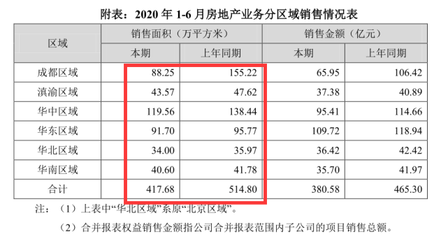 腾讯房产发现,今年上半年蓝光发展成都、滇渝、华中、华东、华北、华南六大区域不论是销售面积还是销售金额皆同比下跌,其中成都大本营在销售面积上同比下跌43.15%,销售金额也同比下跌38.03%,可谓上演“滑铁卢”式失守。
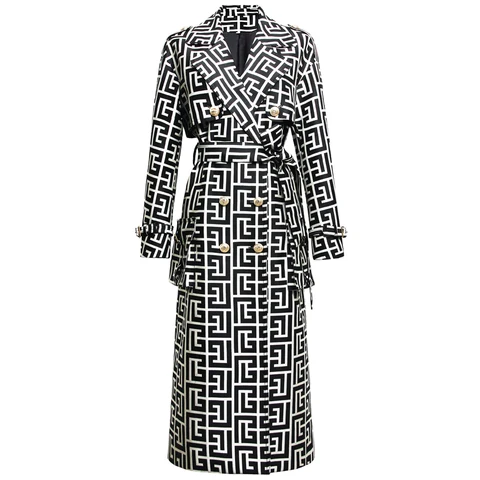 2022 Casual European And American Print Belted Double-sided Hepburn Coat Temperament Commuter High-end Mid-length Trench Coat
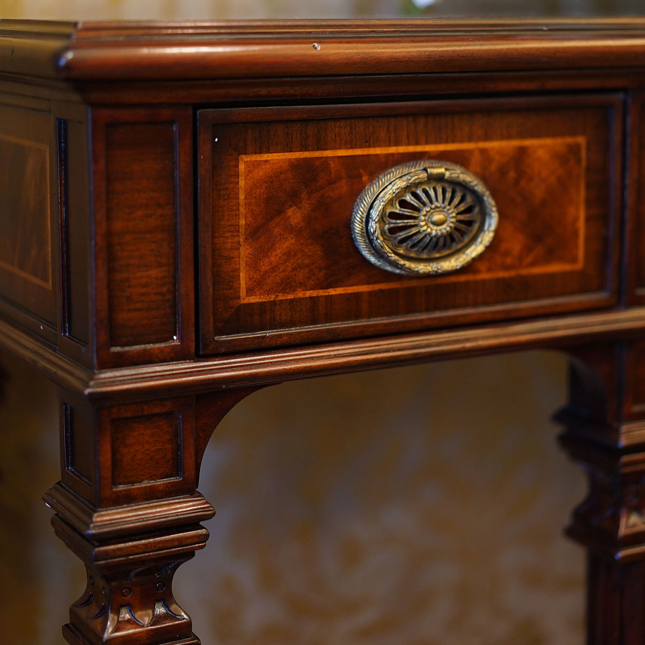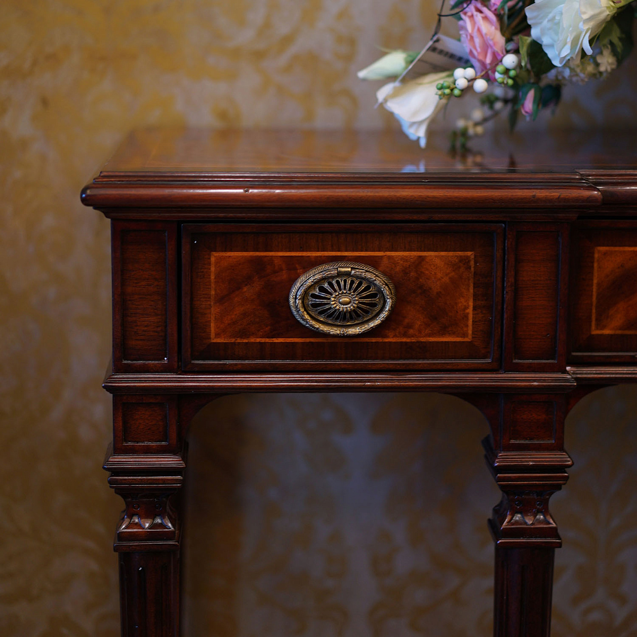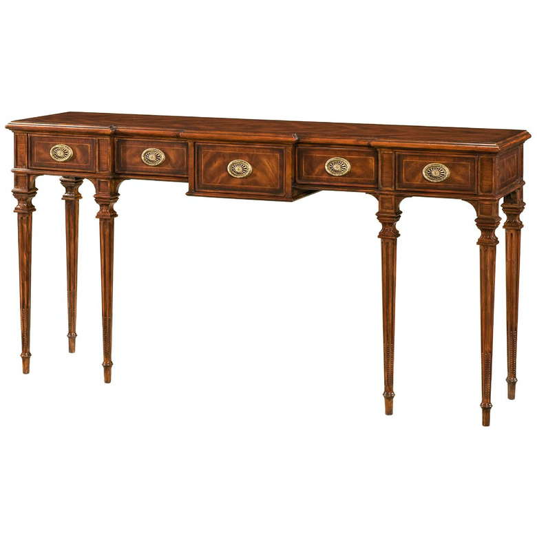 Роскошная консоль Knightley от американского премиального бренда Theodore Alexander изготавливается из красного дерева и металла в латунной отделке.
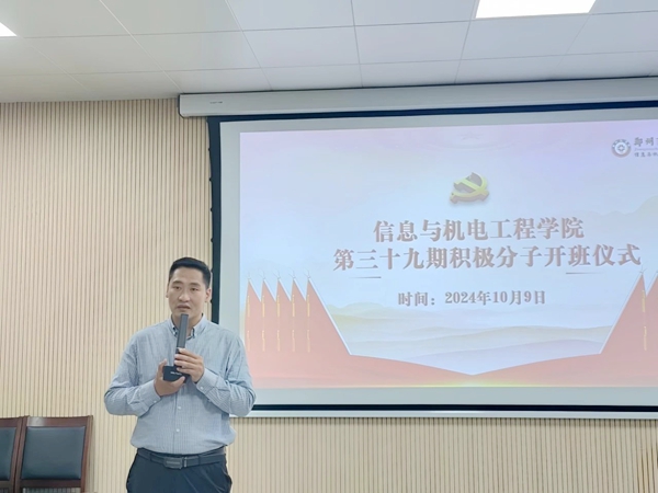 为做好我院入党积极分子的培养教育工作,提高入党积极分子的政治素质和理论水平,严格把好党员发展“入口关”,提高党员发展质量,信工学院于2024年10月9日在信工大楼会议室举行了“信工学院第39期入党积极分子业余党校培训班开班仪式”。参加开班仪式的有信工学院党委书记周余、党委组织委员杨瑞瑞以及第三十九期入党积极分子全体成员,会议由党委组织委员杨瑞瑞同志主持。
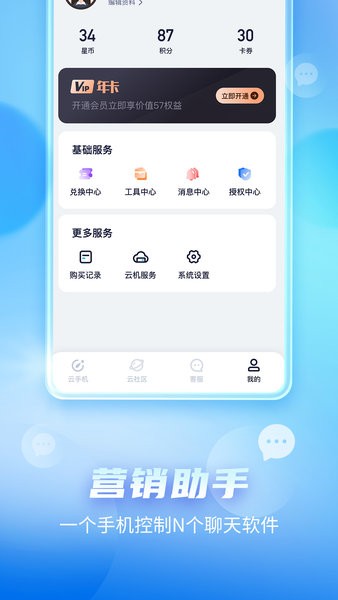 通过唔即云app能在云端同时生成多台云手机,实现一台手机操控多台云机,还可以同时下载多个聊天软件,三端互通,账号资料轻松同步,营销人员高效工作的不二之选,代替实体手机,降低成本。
----
**Task directions**
Copy word for word the lines above, starting at the line containing "Роскошная консоль Knightley" and ending at the line containing "为做好我院入党积极分子的培养", inclusive, with no pictures.

**Exercise answer**
 Роскошная консоль Knightley от американского премиального бренда Theodore Alexander изготавливается из красного дерева и металла в латунной отделке.
 为做好我院入党积极分子的培养教育工作,提高入党积极分子的政治素质和理论水平,严格把好党员发展“入口关”,提高党员发展质量,信工学院于2024年10月9日在信工大楼会议室举行了“信工学院第39期入党积极分子业余党校培训班开班仪式”。参加开班仪式的有信工学院党委书记周余、党委组织委员杨瑞瑞以及第三十九期入党积极分子全体成员,会议由党委组织委员杨瑞瑞同志主持。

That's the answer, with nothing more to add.